RECORDS FOR THE EXERCISE section start

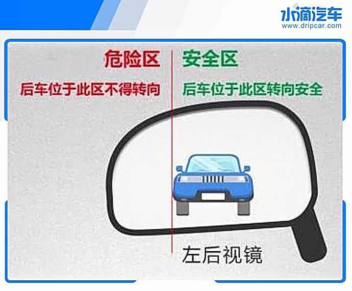 后车在安全区,位于后视镜中央,说明后车与你的车车距有15-20米,在确定右侧无其他因素外,可正常进行转向操作,不需要任何担心。
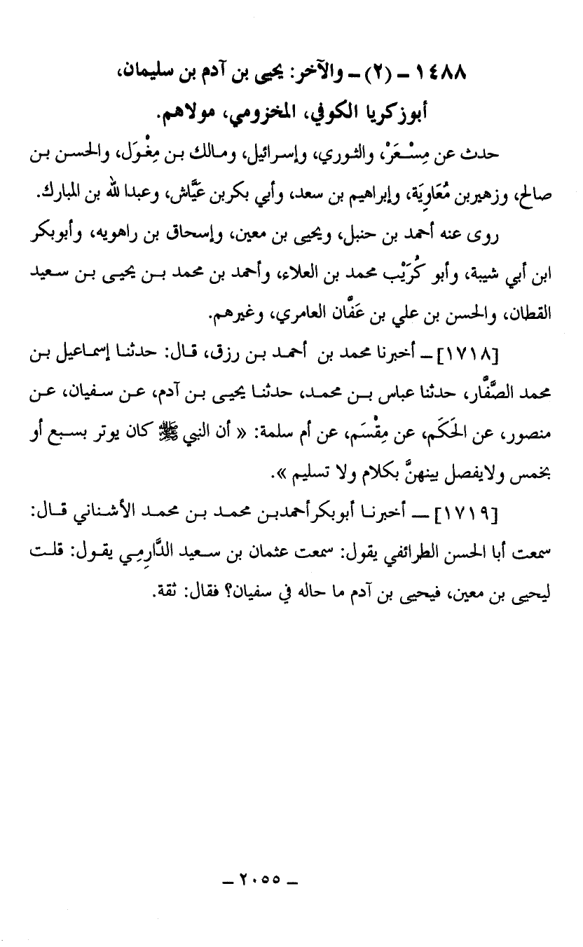 1488- (2) والآخر يحيى بن آدم بن سليمان أبو زكريا الكوفي المخزومي مولاهم
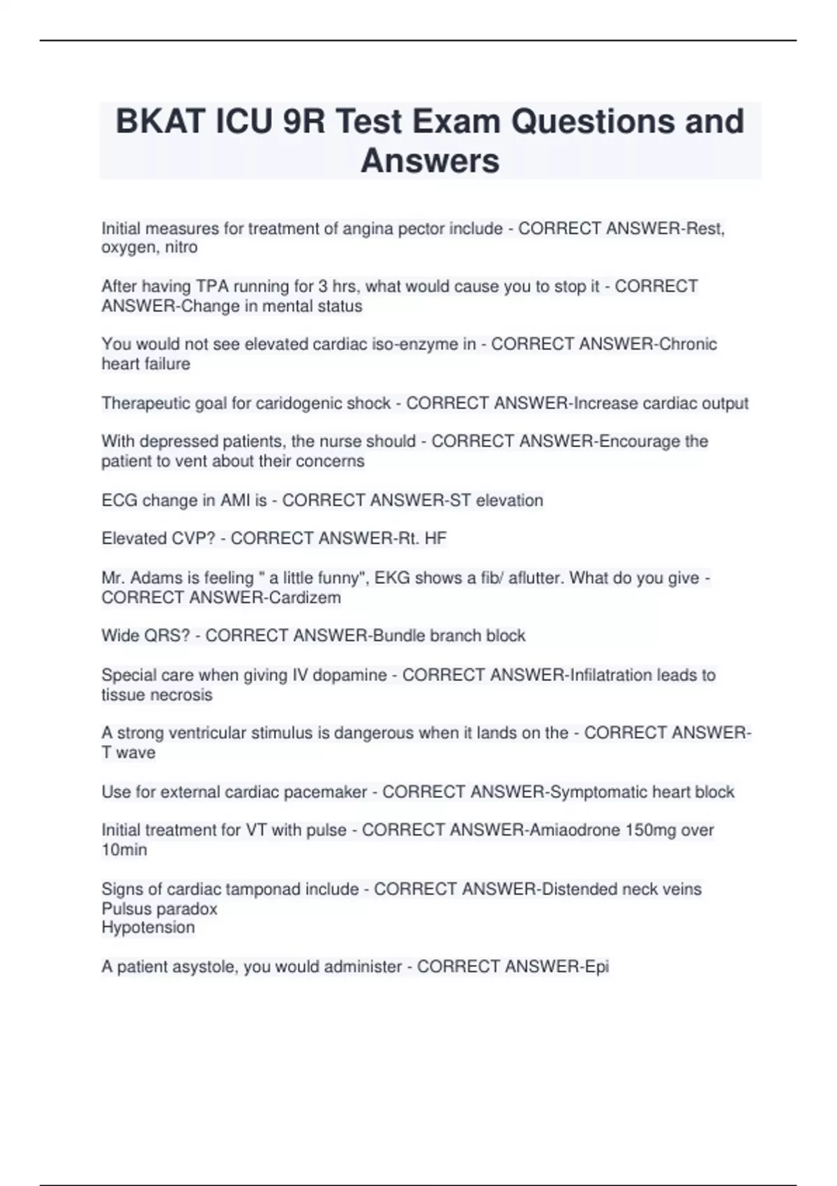 BKAT ICU 9R Test Exam Questions and Answers Initial measures for treatment of angina pector include - CORRECT ANSWER-Rest, oxygen, nitro After having TPA running for 3 hrs, what would cause you to stop it - CORRECT ANSWER-Change in mental status You would not see elevated cardiac iso-enzyme in - CORRECT ANSWER-Chronic heart failure Therapeutic goal for caridogenic shock - CORRECT ANSWER-Increase cardiac output With depressed patients, the nurse should - CORRECT ANSWER-Encourage the patient to vent about their concerns ECG change in AMI is - CORRECT ANSWER-ST elevation Elevated CVP? - CORRECT ANSWER-Rt. HF Mr. Adams is feeling " a little funny", EKG shows a fib/ aflutter. What do you give - CORRECT ANSWER-Cardizem Wide QRS? - CORRECT ANSWER-Bundle branch block Special care when giving IV dopamine - CORRECT ANSWER-Infilatration leads to tissue necrosis A strong ventricular stimulus is dangerous when it lands on the - CORRECT ANSWERT wav
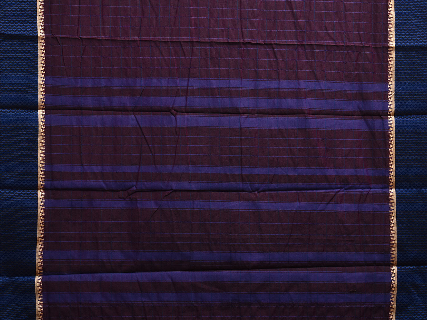 Dark Wine and Blue Bamboo Cotton Saree with Big Checks Design No Blouse. This is a blend of bamboo and cotton fibers, they have characteristics of both bamboo and cotton combined into one fabric. We Advise Gentle Handwash for Fabric Care. This Saree has no Blouse.
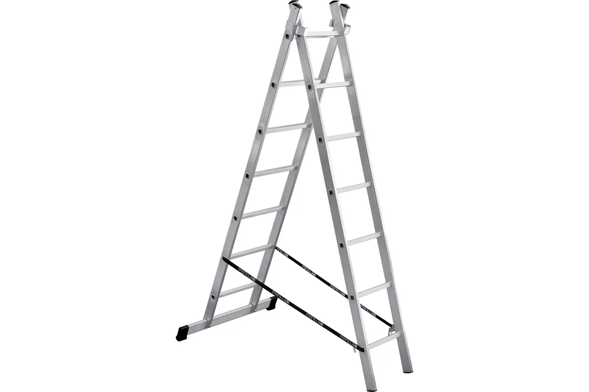 2-секционная лестница UFUK 2×7 ступеней 411207 предназначена для выполнения строительных, ремонтных, отделочных или иных видов работ, когда необходимо произвести какие-либо действия на высоте.Изготовлена из алюминиевого сплава и обладает достаточной прочностью.
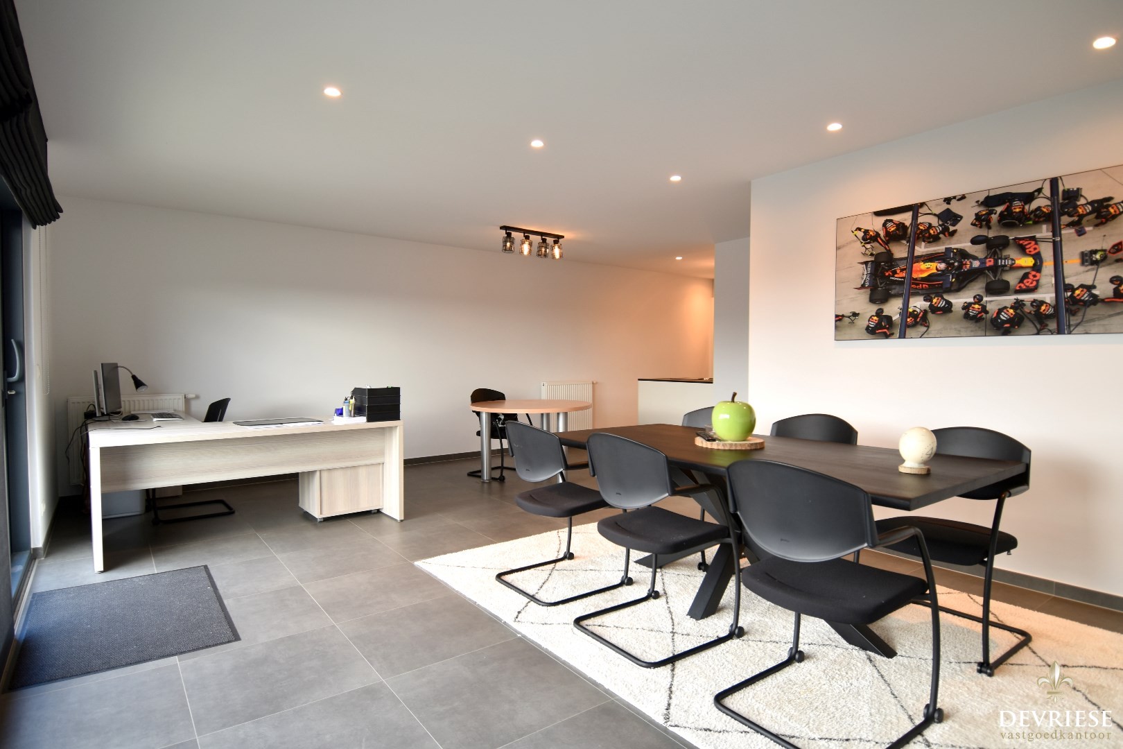 Bij het binnenkomen wordt u verwelkomd in een ruime inkomhal met een apart gastentoilet. De lichtrijke leefruimte, dankzij de grote raampartijen, biedt een warme en uitnodigende sfeer. Aansluitend bevindt zich de open en volledig geïnstalleerde keuken, uitgerust met hoogwaardige toestellen, wat het koken tot een waar genot maakt.

RECORDS FOR THE EXERCISE section end

Only the lines from the one that contains "2-секционная лестница UFUK" to the end of the records, inclusive, are to be quoted exactly, with pictures excluded.

 2-секционная лестница UFUK 2×7 ступеней 411207 предназначена для выполнения строительных, ремонтных, отделочных или иных видов работ, когда необходимо произвести какие-либо действия на высоте.Изготовлена из алюминиевого сплава и обладает достаточной прочностью.
 Bij het binnenkomen wordt u verwelkomd in een ruime inkomhal met een apart gastentoilet. De lichtrijke leefruimte, dankzij de grote raampartijen, biedt een warme en uitnodigende sfeer. Aansluitend bevindt zich de open en volledig geïnstalleerde keuken, uitgerust met hoogwaardige toestellen, wat het koken tot een waar genot maakt.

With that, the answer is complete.